Friendship leads neighbors to organize benefit for Abby
By Steve Herring
Published in News on March 30, 2011 1:46 PM
Robin Coor Casey cried as she talked about the bravery and faith of 14-year-old Abby Keen of Grantham that a liver transplant will enable her to recover from primary sclerosing cholangitis, a rare liver disease found in children.
Despite a deceptively healthy appearance, Abby, a freshman at Southern Wayne High School, has been told that a liver transplant is the only treatment that will help her. The surgery alone will cost a half million dollars, said her mother, Deon Keen.
Mrs. Casey, a family friend, was so moved by Abby's story that she and her 8-year-old daughter, Megan, decided they wanted to do something to help.
That desire has led to fundraising efforts statewide that will include a reverse drawing and silent auction April 8 at the Lane Tree Golf Club.
The event will start at 6:30 p.m and run until 10:30, with dinner and entertainment.
Cost will be $50 a ticket, which includes entry into a reverse drawing for a chance to win $3,000. Donations must be received by April 1. They may be mailed to Robin Coor Casey, 104 Quail Croft Drive, Goldsboro, NC 27534.
For more information or tickets contact Mrs. Casey at 738-0623 or send e-mail to firstname.lastname@example.org or her sister, Gina Coor at 222-8444 or email@example.com, or Tracy Keene at 222-8112. Tickets are also available at the Rib Hut in Wilson and at L&E Appliances on N.C. 111 South, owned by Mrs. Casey's husband, Eddie.
Mrs. Casey said no more than 300 tickets would be sold.
"Preliminary sales have been good, but could be better," she said. "We want to raise as much money as we can."

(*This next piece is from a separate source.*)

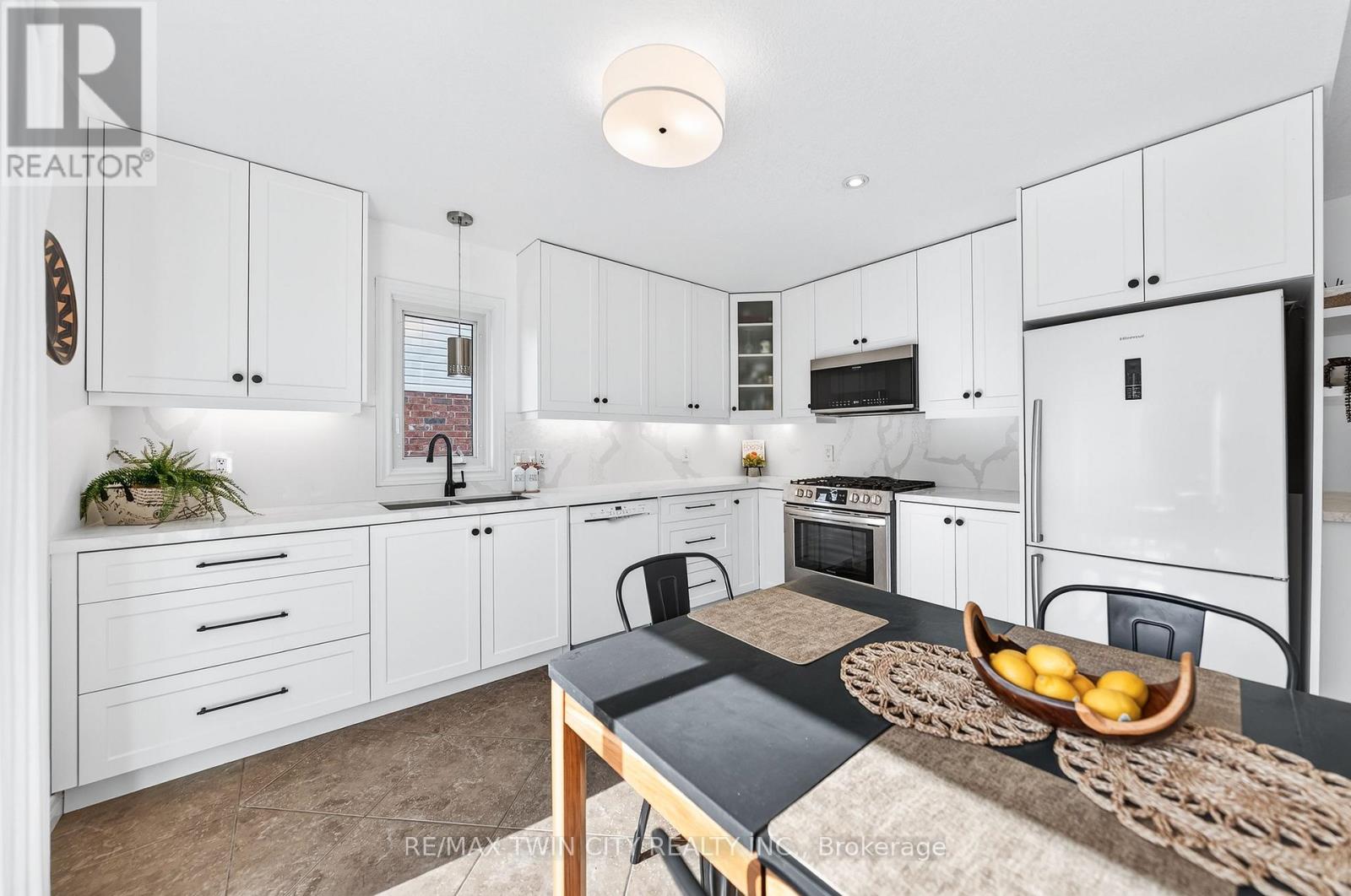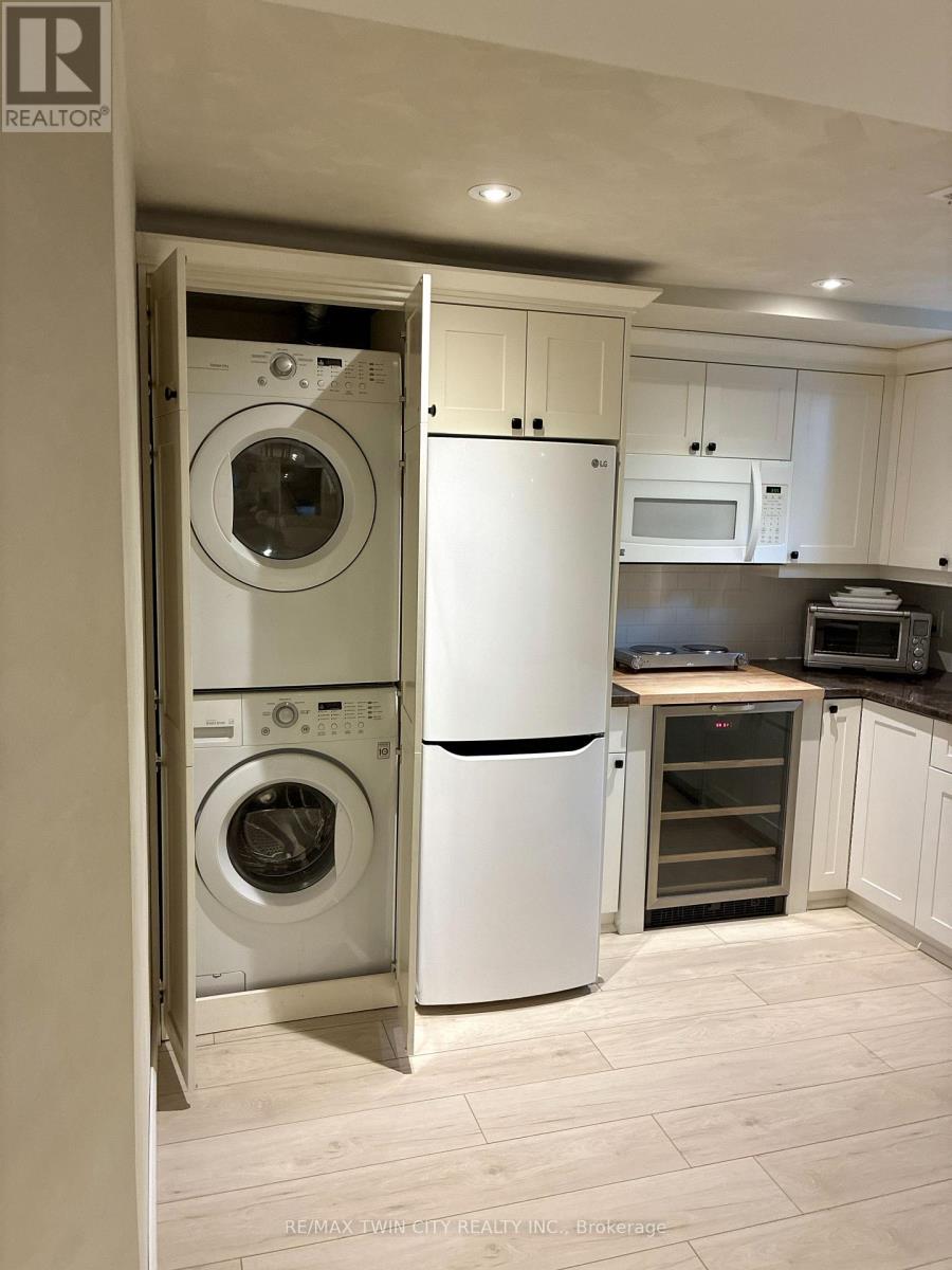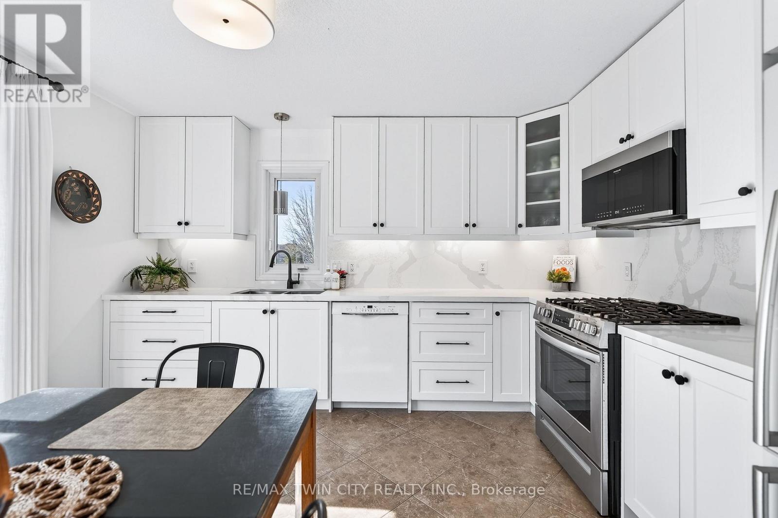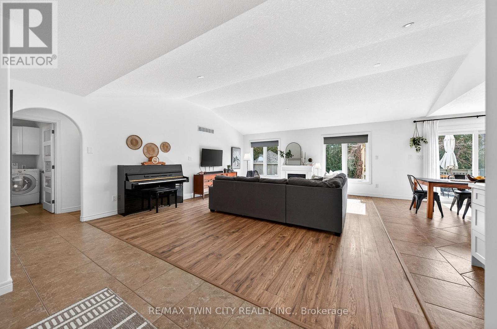 Often sought & rarely found-welcome to 75 Schneller Drive in Baden, an exceptional executive bungalow offering 2,930+ SF of beautifully finished living space with 2+2 bedrms, 3 full bathrms, & a fully finished lower level with a private in-law suite-ideal for multi-generational living or extended family. This impressive home combines generous space, modern finishes, & a private setting in a quiet Baden neighbourhood. Located across from parkland with greenspace views, the home features a bright open-concept layout & spacious great rm with vaulted ceilings & laminate flooring. The updated kitchen offers quartz counters & backsplash, under-cabinet lighting, premium appliances, integrated dining area & bonus servery. Sliding doors lead to the back deck & private backyard. The primary suite features vaulted ceilings, dual closets including a walk-in closet, & a spa-like 5-pc ensuite with dual sinks, quartz counters & tub/shower combo. The main level also includes a second spacious bedrm, updated 4-pc main bathrm, & convenient laundry/mudrm with basement access & side entry to the garage. The finished lower level offers excellent additional living space with a private in-law suite featuring a kitchenette with appliances, stackable laundry area, 2 bedrms, full 4-pc bathrm, & lrg rec rm with tray ceiling-ideal for extended family or guests. Laminate & tile flooring, pot lights, designer light fixtures & custom window coverings are found throughout, along with many recent updates. Outdoor living is equally appealing with a private, fully fenced backyard surrounded by mature trees. The lrg deck is perfect for relaxing or entertaining & the yard includes a storage shed. Located on a quiet family-friendly street in the charming community of Baden, close to downtown shops, cafés & amenities. Just 10 minutes to Costco & The Boardwalk shopping district with restaurants, groceries & services. Rebel Creek Golf Club nearby with easy access to Waterloo, Kitchener & surrounding areas. (id:64974)

Megan competes in the Beauties and Beaus "natural" pageant system in which the contestants do not wear the make-up common to other pageants.
She has qualified for the state-level Beauties and Beaus pageant to be held May 20-21 in Raleigh, giving her and her mother an idea on how to raise money for Abby.
"With each pageant they choose a charity and you raise money for that particular charity," Mrs. Casey said. "I contacted the pageant director and told her about Abby's story and she chose Abby to be the charity for the whole state. So hopefully there will be little girls all over the state raising money for Abby."
Proceeds will to be presented at the pageant on May 21. Money raised will go to medical expenses only.
Mrs. Keen said she and Abby plan to attend both days of the pageant to cheer for Megan, who earlier in the month won the pageant in Pine Level.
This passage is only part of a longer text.